FIGAROVOX.- Les souverainistes se divisent entre souverainisme social et souverainisme identitaire. Ce clivage vous semble-t-il pertinent?
Jacques SAPIR.- Je le dis d’emblée: non. La question de l’identité est parfaitement légitime. Elle fonde l’une des sensibilités du mouvement souverainiste. Fernand Braudel avait d’ailleurs écrit un fort beau livre sur ce sujet: L’identité de la France. Mais, en véritable historien, il montrait comment s’était construite, progressivement, dans les joies et dans les drames, cette identité. Bien avant lui, au XIXè siècle, François Guizot, un autre historien mais aussi plus connu comme ministre de Louis-Philippe, montrait comment les luttes sociales, construisant des «espaces de souveraineté» avaient produit des institutions, et comment ces institutions avaient permis d’autres combats pour la souveraineté, combats qui ont façonné l’identité française.
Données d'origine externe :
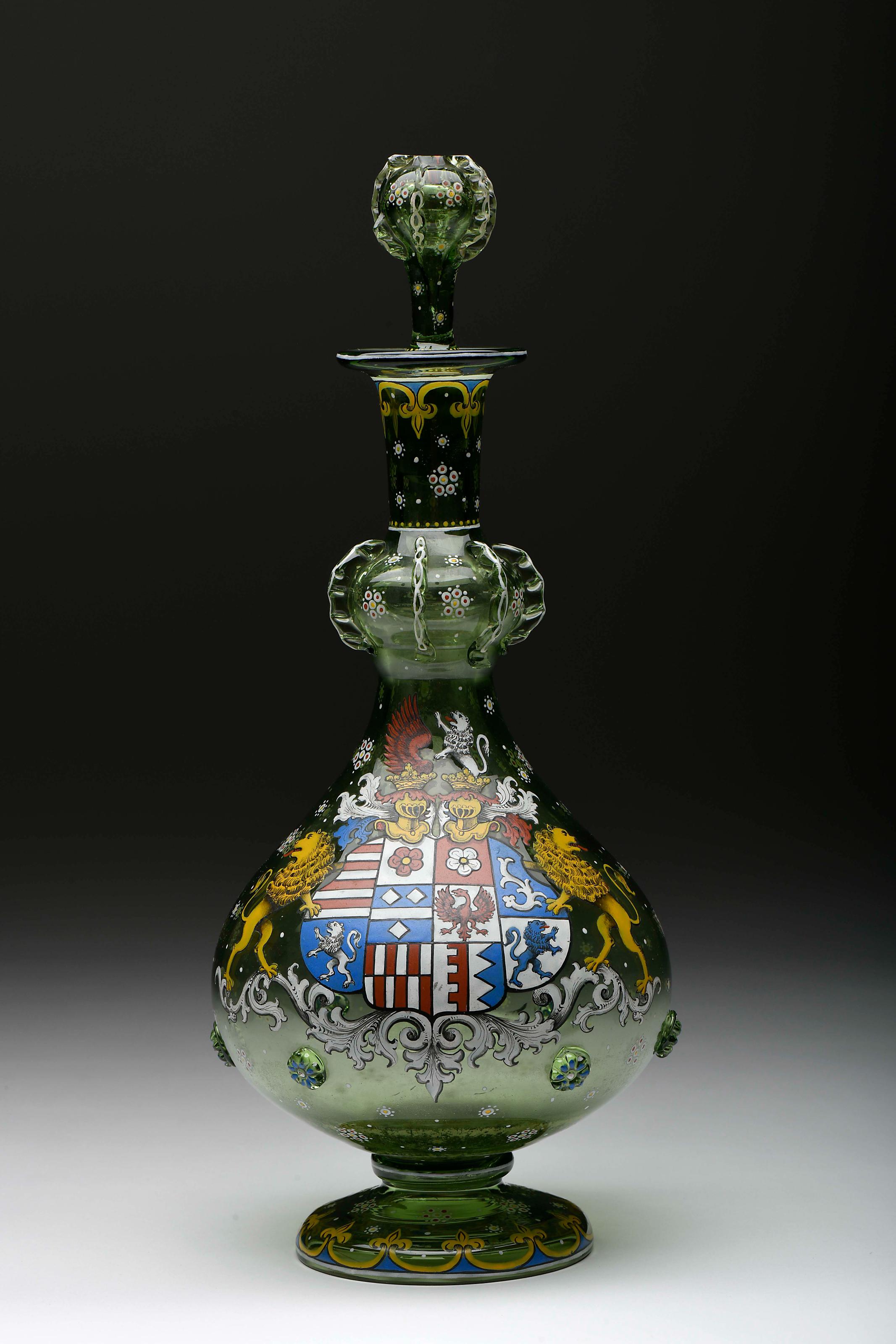 Garrafa bojuda com tampa vidro verde pintado decoração relevada e policromada com armas de família alemã séc. XVII/XVIII faltas nos relevos Dimensões (altura x comprimento x largura) - 34,5 cm
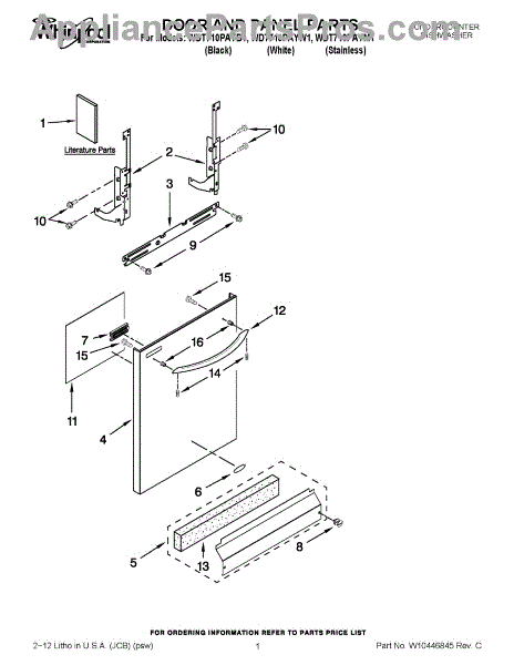 The Panel (BLK) is an OEM part for Whirlpool dishwashers. This black exterior panel is designed to provide a sleek and durable front surface for the dishwasher, enhancing its appearance and protecting internal components.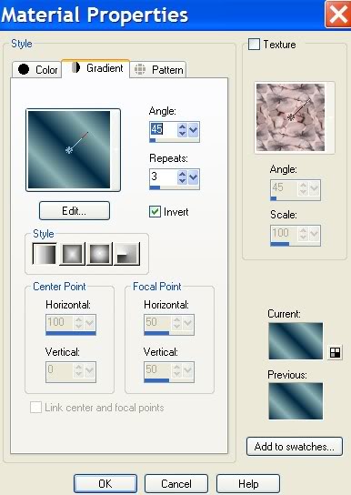 1. In Materials Palette set Foreground to #8eb3b4, Background to #002842. Under the Gradient tab, set the Style to Linear, Angle 45, Repeats 3, Invert checked.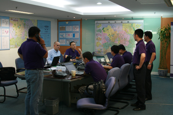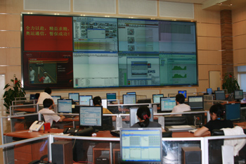 上海貝爾阿爾卡特工程師在公司設(shè)立在北京的奧運保障指揮部緊張工作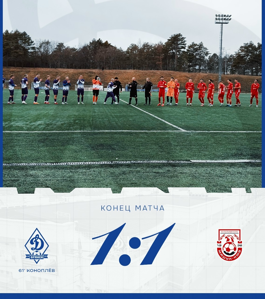 Брянские динамовцы встречались с пятигорским «Машуком-КМВ». Финальный свисток зафиксировал ничью 1:1. Единственный гол в составе брянской команды забил Даниил Коноплёв. Впереди у динамовцев три выходных, а с 12-го по 27-е февраля пройдёт заключительный сбор, местом проведения которого станет Абрау-Дюрсо.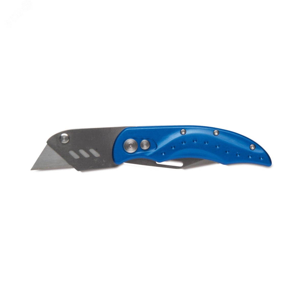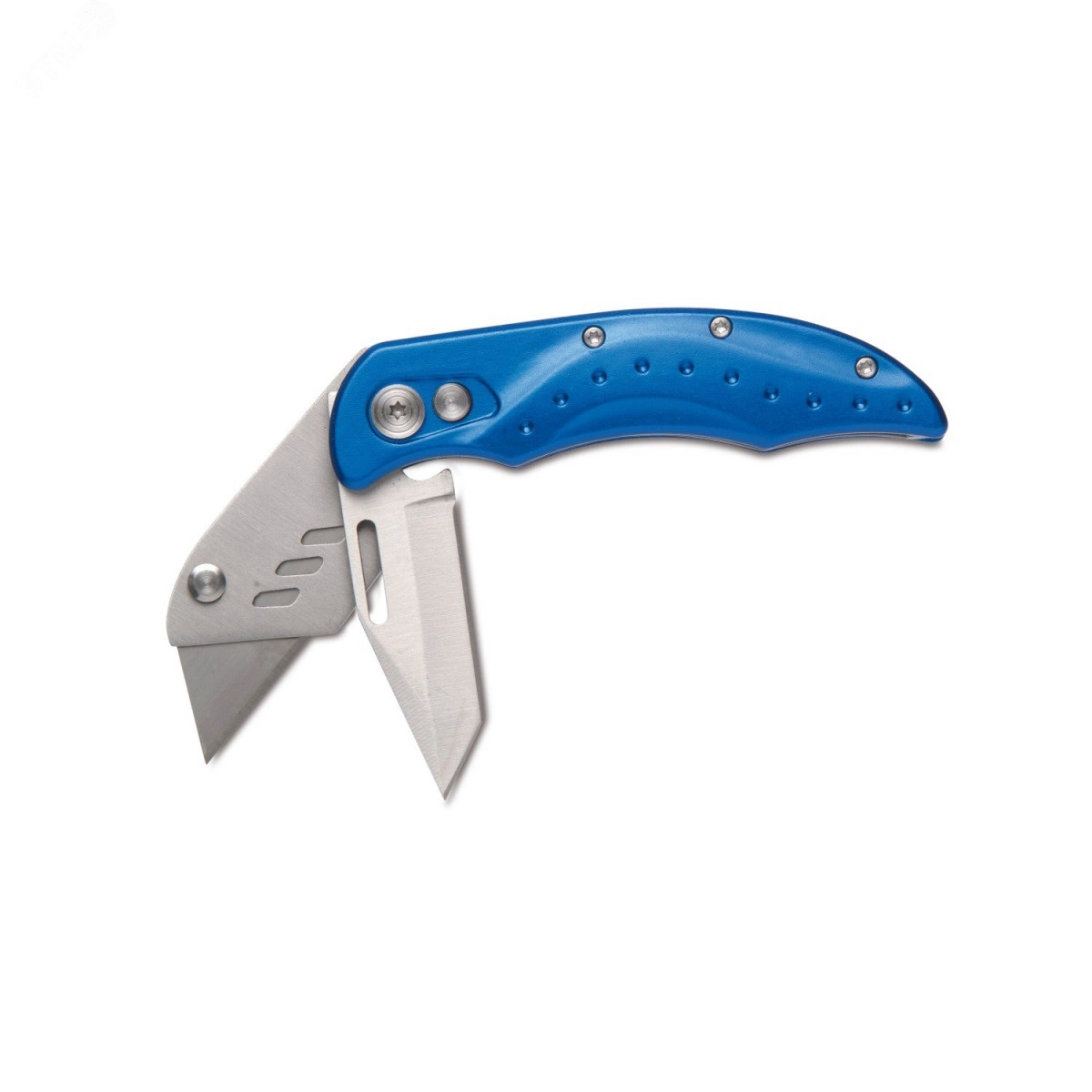 Многофункциональный нож с двумя лезвиями: трапециевидное сменное и клинковое лезвие длиной 60 мм. Быстрое переключение с одного лезвия на другое, предохранитель для открывания и закрывания лезвий, задний крючок для крепления к ремню и подвесному чехлу. Рукоятка из алюминия. Поставляется с запасными лезвиями.

En revanche, je refuse la réduction de l’identité, qui est un concept politique, émotionnel aussi, enraciné dans une histoire, à l’ethnie ou à la religion. Ce type de position est en réalité complètement contradictoire avec le principe de souveraineté, qui repose sur une notion politique du «peuple». Cela viendrait à nier les capacités intégratrices du peuple français, quand il est souverain. Que cette intégration soit aujourd’hui très difficile, qu’il faille probablement arrêter temporairement l’immigration, et en tous les cas certainement la réglementer plus strictement est un fait, mais un fait conjoncturel. Il faut en permanence se poser la question des conditions économiques, sociales et politiques de l’intégration, et ajuster les flux en conséquence. Que l’immigration de masse ait été aussi voulue par les grandes entreprises qui, dans les années 1960 et 1970 voulaient reconstituer la fameuse «armée de réserve du Capital» dont Marx parlait pour pouvoir limiter la hausse des salaires réels est aussi un fait.